Exercise details: Give all of the records again precisely, excluding whatever pictures they contain.

BEGIN Dataset records

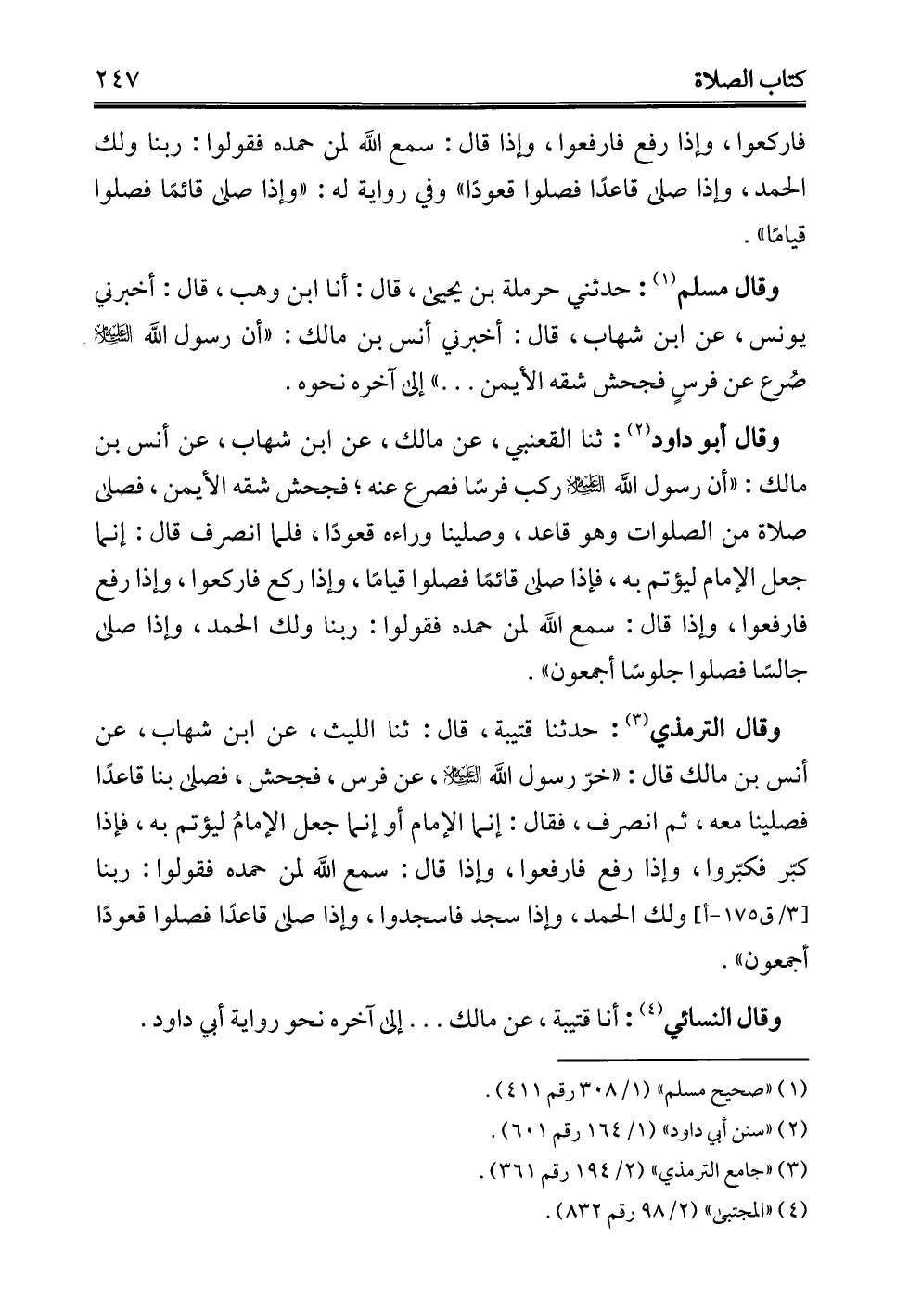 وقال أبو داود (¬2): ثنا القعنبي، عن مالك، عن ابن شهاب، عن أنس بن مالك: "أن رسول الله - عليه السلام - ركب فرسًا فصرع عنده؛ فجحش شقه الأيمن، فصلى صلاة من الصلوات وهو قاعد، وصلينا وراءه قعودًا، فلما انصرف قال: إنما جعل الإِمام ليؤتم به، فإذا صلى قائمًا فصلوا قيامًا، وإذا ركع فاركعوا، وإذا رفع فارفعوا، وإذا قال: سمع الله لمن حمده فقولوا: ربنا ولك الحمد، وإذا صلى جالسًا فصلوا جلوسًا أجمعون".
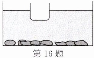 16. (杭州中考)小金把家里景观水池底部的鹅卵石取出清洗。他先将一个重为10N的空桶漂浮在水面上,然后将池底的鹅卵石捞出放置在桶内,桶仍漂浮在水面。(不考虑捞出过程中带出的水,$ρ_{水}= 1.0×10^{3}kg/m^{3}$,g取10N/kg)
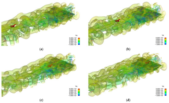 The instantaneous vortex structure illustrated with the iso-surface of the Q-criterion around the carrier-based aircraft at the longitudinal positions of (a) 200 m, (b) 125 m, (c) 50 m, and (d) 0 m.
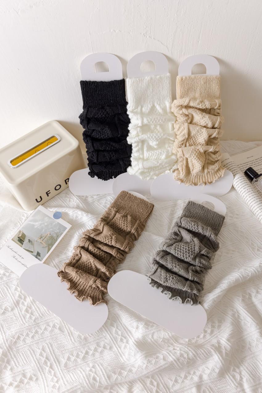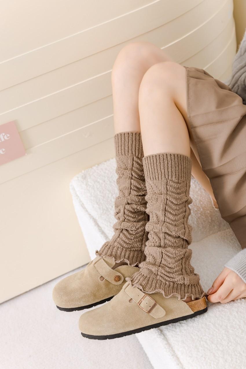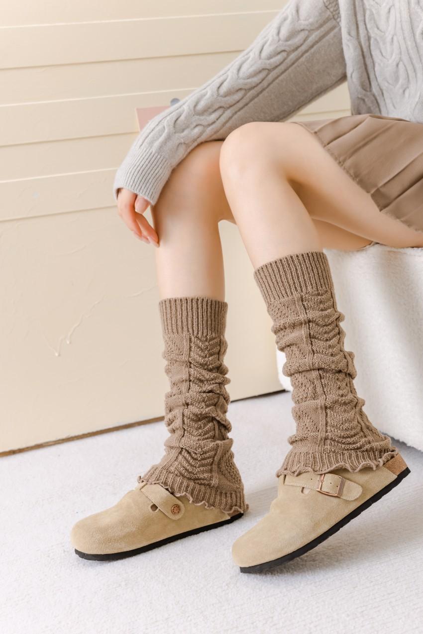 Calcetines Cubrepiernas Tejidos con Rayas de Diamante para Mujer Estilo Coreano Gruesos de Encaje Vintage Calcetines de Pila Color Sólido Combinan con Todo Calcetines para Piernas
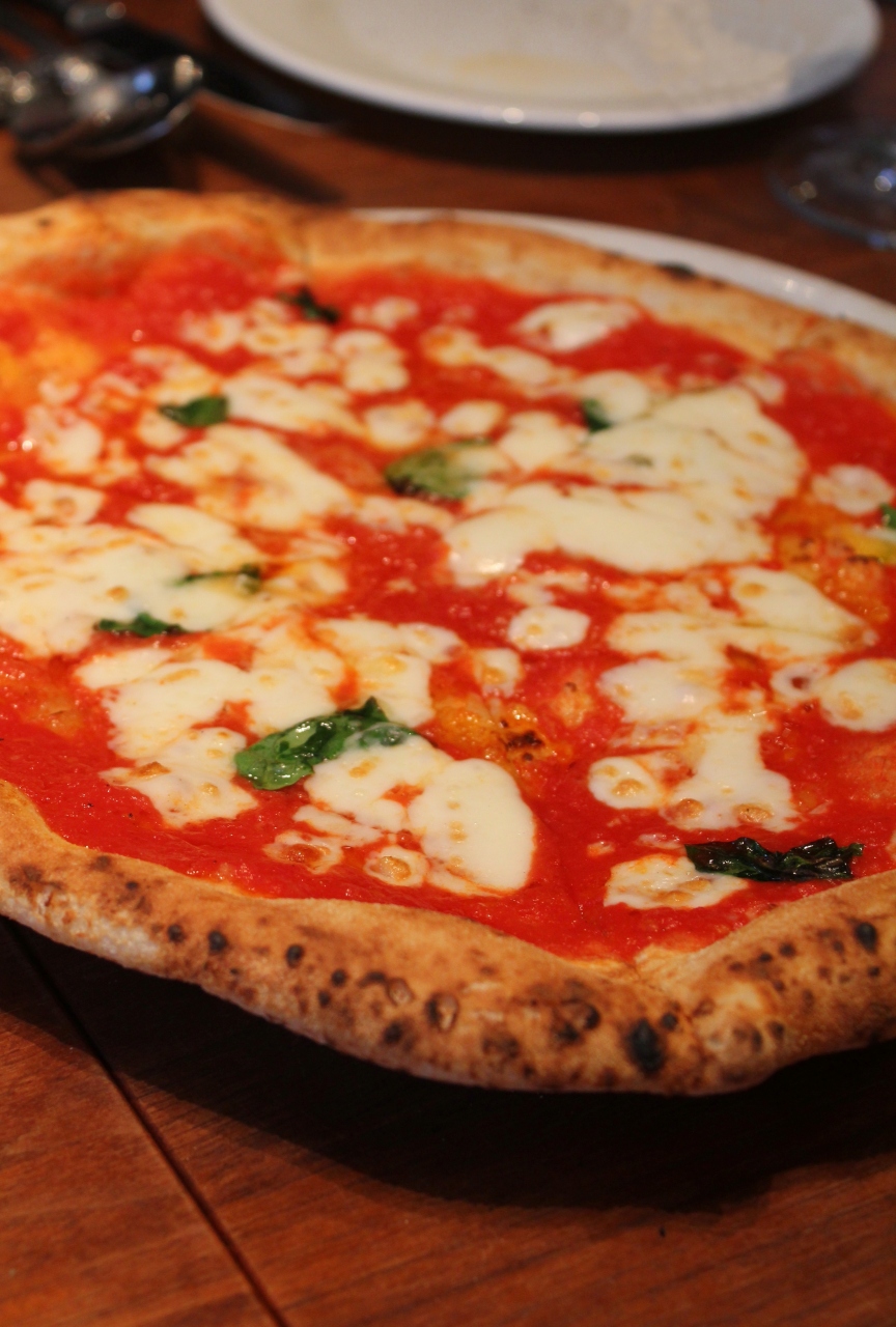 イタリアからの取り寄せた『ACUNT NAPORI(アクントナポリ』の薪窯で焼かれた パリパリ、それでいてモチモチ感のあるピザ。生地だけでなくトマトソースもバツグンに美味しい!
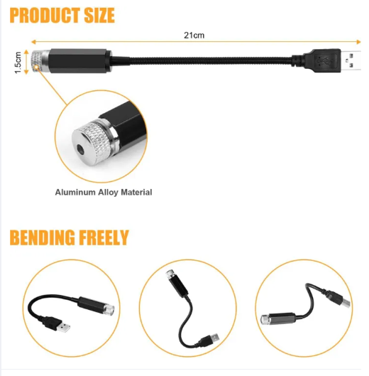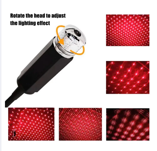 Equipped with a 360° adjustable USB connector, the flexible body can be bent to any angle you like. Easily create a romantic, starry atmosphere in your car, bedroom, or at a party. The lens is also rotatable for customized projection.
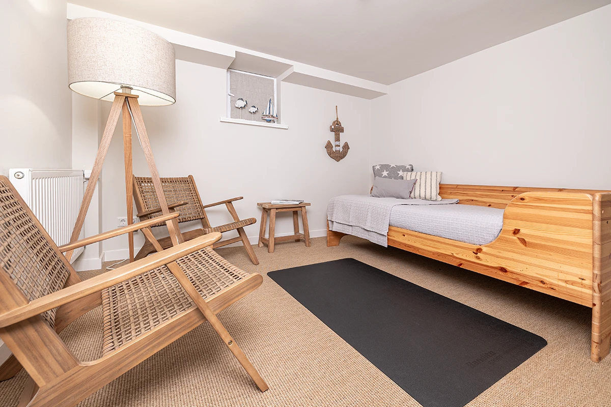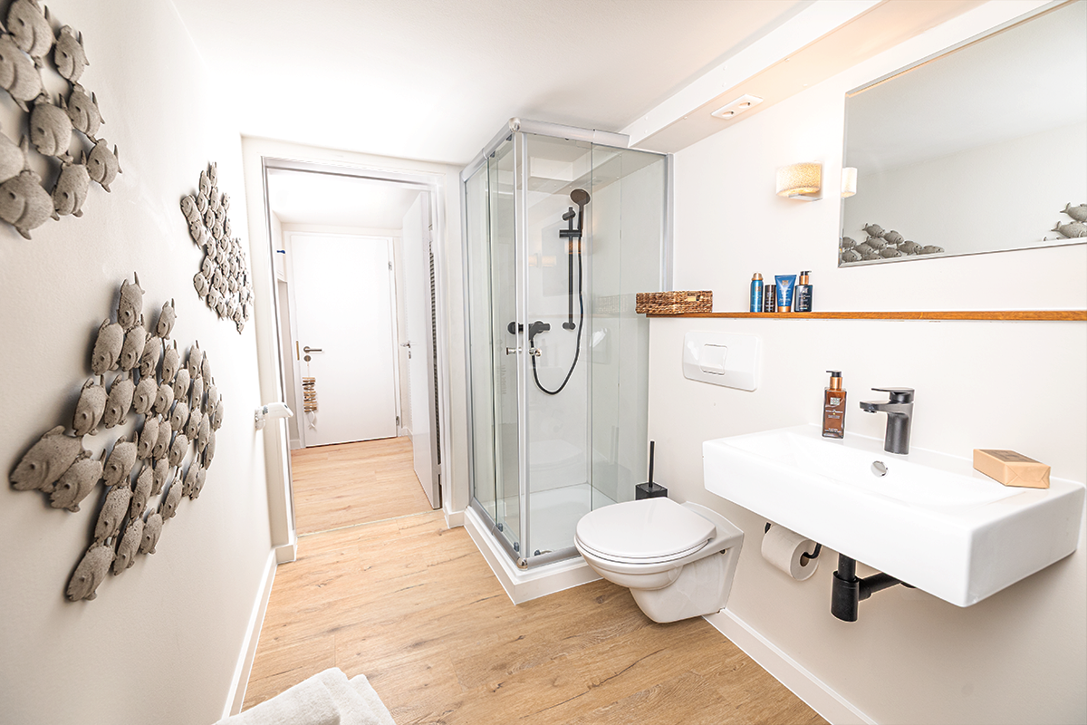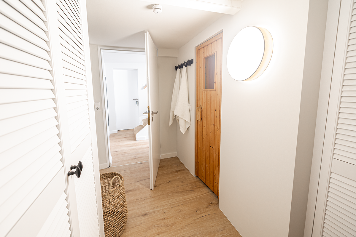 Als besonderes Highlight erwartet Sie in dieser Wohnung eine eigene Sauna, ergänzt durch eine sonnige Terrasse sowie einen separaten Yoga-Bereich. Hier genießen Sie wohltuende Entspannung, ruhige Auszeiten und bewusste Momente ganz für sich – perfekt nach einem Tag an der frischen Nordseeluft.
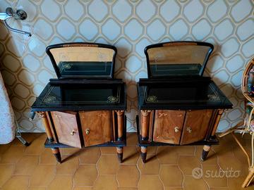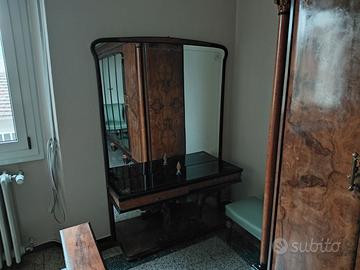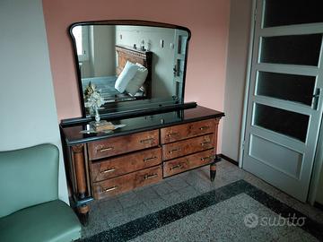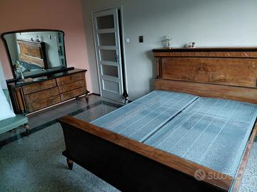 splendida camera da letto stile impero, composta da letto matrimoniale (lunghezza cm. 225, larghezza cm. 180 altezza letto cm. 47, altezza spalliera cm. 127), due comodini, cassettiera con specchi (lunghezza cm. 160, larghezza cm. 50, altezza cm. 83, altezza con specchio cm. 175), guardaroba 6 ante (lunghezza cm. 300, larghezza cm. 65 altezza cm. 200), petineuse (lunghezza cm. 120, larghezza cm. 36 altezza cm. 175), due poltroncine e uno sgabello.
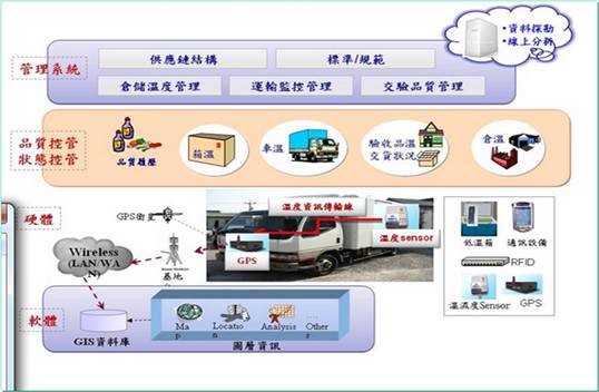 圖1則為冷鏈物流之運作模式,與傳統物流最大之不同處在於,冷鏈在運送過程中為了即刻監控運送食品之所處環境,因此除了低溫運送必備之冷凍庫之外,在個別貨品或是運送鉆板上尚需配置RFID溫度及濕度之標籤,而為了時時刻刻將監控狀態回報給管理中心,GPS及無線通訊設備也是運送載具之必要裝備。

END Dataset records

Result for this exercise:
 وقال أبو داود (¬2): ثنا القعنبي، عن مالك، عن ابن شهاب، عن أنس بن مالك: "أن رسول الله - عليه السلام - ركب فرسًا فصرع عنده؛ فجحش شقه الأيمن، فصلى صلاة من الصلوات وهو قاعد، وصلينا وراءه قعودًا، فلما انصرف قال: إنما جعل الإِمام ليؤتم به، فإذا صلى قائمًا فصلوا قيامًا، وإذا ركع فاركعوا، وإذا رفع فارفعوا، وإذا قال: سمع الله لمن حمده فقولوا: ربنا ولك الحمد، وإذا صلى جالسًا فصلوا جلوسًا أجمعون".
 16. (杭州中考)小金把家里景观水池底部的鹅卵石取出清洗。他先将一个重为10N的空桶漂浮在水面上,然后将池底的鹅卵石捞出放置在桶内,桶仍漂浮在水面。(不考虑捞出过程中带出的水,$ρ_{水}= 1.0×10^{3}kg/m^{3}$,g取10N/kg)
 The instantaneous vortex structure illustrated with the iso-surface of the Q-criterion around the carrier-based aircraft at the longitudinal positions of (a) 200 m, (b) 125 m, (c) 50 m, and (d) 0 m.
 Calcetines Cubrepiernas Tejidos con Rayas de Diamante para Mujer Estilo Coreano Gruesos de Encaje Vintage Calcetines de Pila Color Sólido Combinan con Todo Calcetines para Piernas
 イタリアからの取り寄せた『ACUNT NAPORI(アクントナポリ』の薪窯で焼かれた パリパリ、それでいてモチモチ感のあるピザ。生地だけでなくトマトソースもバツグンに美味しい!
 Equipped with a 360° adjustable USB connector, the flexible body can be bent to any angle you like. Easily create a romantic, starry atmosphere in your car, bedroom, or at a party. The lens is also rotatable for customized projection.
 Als besonderes Highlight erwartet Sie in dieser Wohnung eine eigene Sauna, ergänzt durch eine sonnige Terrasse sowie einen separaten Yoga-Bereich. Hier genießen Sie wohltuende Entspannung, ruhige Auszeiten und bewusste Momente ganz für sich – perfekt nach einem Tag an der frischen Nordseeluft.
 splendida camera da letto stile impero, composta da letto matrimoniale (lunghezza cm. 225, larghezza cm. 180 altezza letto cm. 47, altezza spalliera cm. 127), due comodini, cassettiera con specchi (lunghezza cm. 160, larghezza cm. 50, altezza cm. 83, altezza con specchio cm. 175), guardaroba 6 ante (lunghezza cm. 300, larghezza cm. 65 altezza cm. 200), petineuse (lunghezza cm. 120, larghezza cm. 36 altezza cm. 175), due poltroncine e uno sgabello.
 圖1則為冷鏈物流之運作模式,與傳統物流最大之不同處在於,冷鏈在運送過程中為了即刻監控運送食品之所處環境,因此除了低溫運送必備之冷凍庫之外,在個別貨品或是運送鉆板上尚需配置RFID溫度及濕度之標籤,而為了時時刻刻將監控狀態回報給管理中心,GPS及無線通訊設備也是運送載具之必要裝備。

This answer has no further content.